Material for this task:
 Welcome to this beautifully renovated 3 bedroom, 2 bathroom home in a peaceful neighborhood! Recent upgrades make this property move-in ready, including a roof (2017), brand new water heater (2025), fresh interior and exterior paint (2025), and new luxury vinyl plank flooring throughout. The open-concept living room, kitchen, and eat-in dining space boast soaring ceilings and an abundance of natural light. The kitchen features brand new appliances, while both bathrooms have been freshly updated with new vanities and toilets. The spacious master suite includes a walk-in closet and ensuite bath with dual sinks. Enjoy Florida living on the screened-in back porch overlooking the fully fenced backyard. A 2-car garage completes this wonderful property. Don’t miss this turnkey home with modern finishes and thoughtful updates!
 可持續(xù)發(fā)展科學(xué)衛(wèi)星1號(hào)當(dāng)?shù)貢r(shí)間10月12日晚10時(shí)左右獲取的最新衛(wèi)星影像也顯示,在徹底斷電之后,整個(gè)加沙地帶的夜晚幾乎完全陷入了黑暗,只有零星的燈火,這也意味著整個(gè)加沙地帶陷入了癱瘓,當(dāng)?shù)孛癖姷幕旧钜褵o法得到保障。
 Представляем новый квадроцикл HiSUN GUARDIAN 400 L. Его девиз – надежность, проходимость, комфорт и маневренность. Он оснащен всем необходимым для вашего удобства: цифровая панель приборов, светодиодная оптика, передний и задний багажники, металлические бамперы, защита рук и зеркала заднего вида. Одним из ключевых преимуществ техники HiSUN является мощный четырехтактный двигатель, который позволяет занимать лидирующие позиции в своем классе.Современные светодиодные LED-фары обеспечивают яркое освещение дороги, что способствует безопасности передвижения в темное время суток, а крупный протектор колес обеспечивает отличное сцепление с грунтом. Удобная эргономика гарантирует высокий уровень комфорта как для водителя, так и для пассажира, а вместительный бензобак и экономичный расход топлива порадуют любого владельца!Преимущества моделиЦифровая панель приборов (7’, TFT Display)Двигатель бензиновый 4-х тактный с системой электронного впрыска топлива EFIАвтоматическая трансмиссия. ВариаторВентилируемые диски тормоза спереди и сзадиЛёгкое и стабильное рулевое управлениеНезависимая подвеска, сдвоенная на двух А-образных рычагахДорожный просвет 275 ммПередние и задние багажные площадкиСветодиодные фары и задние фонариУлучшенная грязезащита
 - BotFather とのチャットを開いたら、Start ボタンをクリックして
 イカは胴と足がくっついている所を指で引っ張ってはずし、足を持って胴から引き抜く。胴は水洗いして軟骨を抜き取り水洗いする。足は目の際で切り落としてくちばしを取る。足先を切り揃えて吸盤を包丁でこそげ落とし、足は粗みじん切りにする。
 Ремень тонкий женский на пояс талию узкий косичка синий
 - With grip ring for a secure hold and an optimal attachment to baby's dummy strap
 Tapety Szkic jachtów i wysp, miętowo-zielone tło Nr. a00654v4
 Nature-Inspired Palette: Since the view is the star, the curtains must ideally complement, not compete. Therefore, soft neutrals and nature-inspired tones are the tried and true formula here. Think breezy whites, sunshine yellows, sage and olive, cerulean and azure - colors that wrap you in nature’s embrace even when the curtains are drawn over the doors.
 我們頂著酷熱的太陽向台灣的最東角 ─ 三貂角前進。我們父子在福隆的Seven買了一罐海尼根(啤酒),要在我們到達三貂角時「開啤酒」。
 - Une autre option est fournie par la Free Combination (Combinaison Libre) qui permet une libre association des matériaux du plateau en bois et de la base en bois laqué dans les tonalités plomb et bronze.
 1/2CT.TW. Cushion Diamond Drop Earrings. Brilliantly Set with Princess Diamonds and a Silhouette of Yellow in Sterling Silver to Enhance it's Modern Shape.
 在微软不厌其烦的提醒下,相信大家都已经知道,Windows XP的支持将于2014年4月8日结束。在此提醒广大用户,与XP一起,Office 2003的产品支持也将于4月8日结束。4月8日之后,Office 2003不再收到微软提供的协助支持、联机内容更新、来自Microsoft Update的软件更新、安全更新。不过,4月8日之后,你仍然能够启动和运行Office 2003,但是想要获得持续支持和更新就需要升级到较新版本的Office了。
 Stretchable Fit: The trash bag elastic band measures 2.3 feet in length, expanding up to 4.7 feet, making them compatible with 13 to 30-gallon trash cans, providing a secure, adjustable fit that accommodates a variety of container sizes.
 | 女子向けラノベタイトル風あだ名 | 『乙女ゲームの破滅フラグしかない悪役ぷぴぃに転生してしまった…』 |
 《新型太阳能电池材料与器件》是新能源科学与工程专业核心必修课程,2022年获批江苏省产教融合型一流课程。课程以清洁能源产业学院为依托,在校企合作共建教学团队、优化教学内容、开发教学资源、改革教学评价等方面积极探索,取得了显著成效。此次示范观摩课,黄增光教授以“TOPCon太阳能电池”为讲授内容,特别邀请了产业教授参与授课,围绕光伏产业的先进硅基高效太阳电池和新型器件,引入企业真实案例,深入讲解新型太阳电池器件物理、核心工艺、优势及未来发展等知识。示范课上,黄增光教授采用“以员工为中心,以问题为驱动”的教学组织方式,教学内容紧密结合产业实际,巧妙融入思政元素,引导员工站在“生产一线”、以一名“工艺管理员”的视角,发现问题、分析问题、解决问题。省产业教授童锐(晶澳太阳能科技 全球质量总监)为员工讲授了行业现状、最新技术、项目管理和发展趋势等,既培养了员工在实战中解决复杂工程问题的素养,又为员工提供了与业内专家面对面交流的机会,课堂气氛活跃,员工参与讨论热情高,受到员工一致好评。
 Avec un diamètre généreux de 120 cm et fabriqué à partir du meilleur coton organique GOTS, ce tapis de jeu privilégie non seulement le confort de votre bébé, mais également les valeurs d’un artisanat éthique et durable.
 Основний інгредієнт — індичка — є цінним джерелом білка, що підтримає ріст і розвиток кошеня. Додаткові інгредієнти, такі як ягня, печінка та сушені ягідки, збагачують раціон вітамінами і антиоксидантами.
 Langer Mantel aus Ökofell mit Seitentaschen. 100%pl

Task item: Work out how many lines of the material contain the word "secure" and answer with that number only.

Solution: 2